After installing anaconda on Linux (and also macOS), you can also use the
conda
command in the shell to set up your machine-learning environment. In
case the conda
command cannot be found on your system, make sure to source the
activation script and then call the conda init
command:
source <path to conda>/bin/activate
conda init
Afterwards, the custom "ml" environment can be set up. Navigate to the copy of
this repository that you obtained in the previous step with the cd
command.
Then, create a new conda environment by providing the
ml-environment.yml file and activate the ml-workshop
environment. The commands are:
cd <path to downloaded copy>/ml-workshop/
conda env create -f ./ml-environment.yml
conda activate ml
Now, the environment is set up and activated! To verify the installation, start a Jupyter Notebook server:
jupyter notebook
If you have followed (2a) or (2b) above, the last command opens your default web browser with a Jupyter webpage. The Jupyter logo should be at the top of the page, and the page itself should display your user directory. Now it's time to explore the first notebook and to verify the setup!
Navigate to the folder, to which you downloaded the copy of this repository, enter the folder, then open the test file 01_test_notebook.ipynb. Follow the instructions inside the notebook to verify your python installation and the anaconda environment setup.
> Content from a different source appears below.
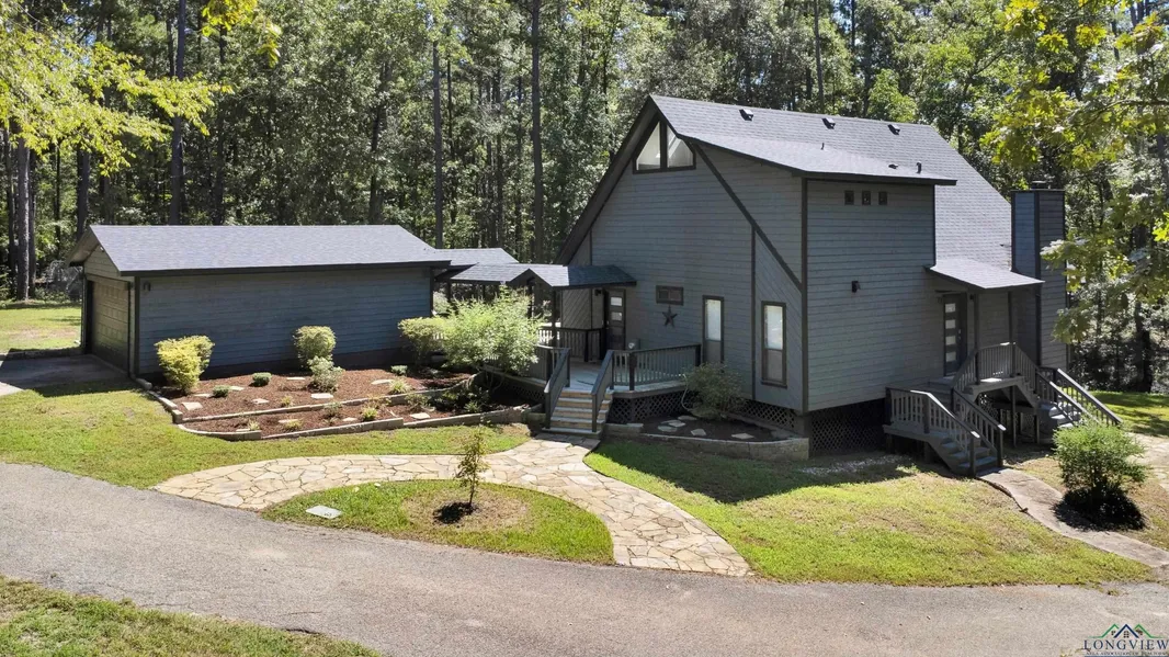 Looking for space, privacy, and modern updates? This beautifully updated 3-bedroom, 2-bath home sits on 5 gorgeous wooded acres just minutes from Tyler. With 2,400 sq ft of living space, there’s room to spread out and enjoy peaceful country living with all the conveniences nearby. Inside, you’ll find vaulted ceilings and a wall of windows in the living room that bring in tons of natural light and showcase the stunning views. The home has been fully updated with a brand-new roof, fresh paint, new fixtures and doors, updated kitchen and baths, and spray foam insulation underneath for better energy efficiency. The true master suite is upstairs, a spacious retreat featuring a beautifully updated bathroom with a soaking tub, walk-in shower, and dual vanity. Downstairs, you'll find a comfortable guest bedroom, full bathroom, and a newly constructed bedroom that could easily serve as a second master. The newly built deck is perfect for relaxing or entertaining and has been reinforced to support a future bathroom addition directly off the new bedroom, if desired. Other great features include a tankless water heater and a gated entry for added peace of mind. Don’t miss your chance to own this perfect blend of country charm and modern comfort.

After closing the browser tab, your Jupyter instance closes automatically if you used the Anaconda Navigator in step (2a). If you opened Jupyter from the command line in (2b), you can shut down the Jupyter notebook server with CTRL+C. The conda environment can be deactivated with:
conda deactivate
The above instructions are meant for people not familiar with setups of python
versions and/or virtual environments. If you are familiar with both, of course
you can stick to your best practices to set up an environment for this
repository. Inter alia, this repository comes with a docker file that builds an
image with all packages required for the execution of the notebooks. The image
can either be downloaded as knutzk/ml-workshop:latest
from the docker
hub or it can be built from this
repository directly:
cd <path to downloaded copy>/ml-workshop/
docker build -t ml-workshop-image .
Then, a jupyter notebook server can be started as a docker container with the following command:
docker run --rm -u $(id -u):$(id -g) -p 8888:8888 -v $PWD:/data ml-workshop-image
Transmitting the user and group ID is necessary to avoid running the docker
container as root (which is discouraged for jupyter notebooks). It also binds
port 8888 to that of the localhost and mounts the working directory to the
/data
endpoint in the notebook. The notebook server can then be reached by
opening http://localhost:8888/ in a browser of choice. The webpage will require
a token that can be found in the command line output when starting the docker
container.
As an alternative, you can also use virtual environments (e.g.
pyenv-virtualenv
or conda
) to set up the necessary packages for this
repository. Make sure you have the required packages
installed in a recent version. These include:
- sklearn 0.24.*
- tensorflow 2.4.*
After installing all packages listed in the file, obtain a copy of this repository through your preferred method. Start a Jupyter Notbeook server, navigate to the location of your repository copy, and open the Jupyter Notebook files to get started. Please make sure to go through the 01_test_notebook.ipynb to verify your installation.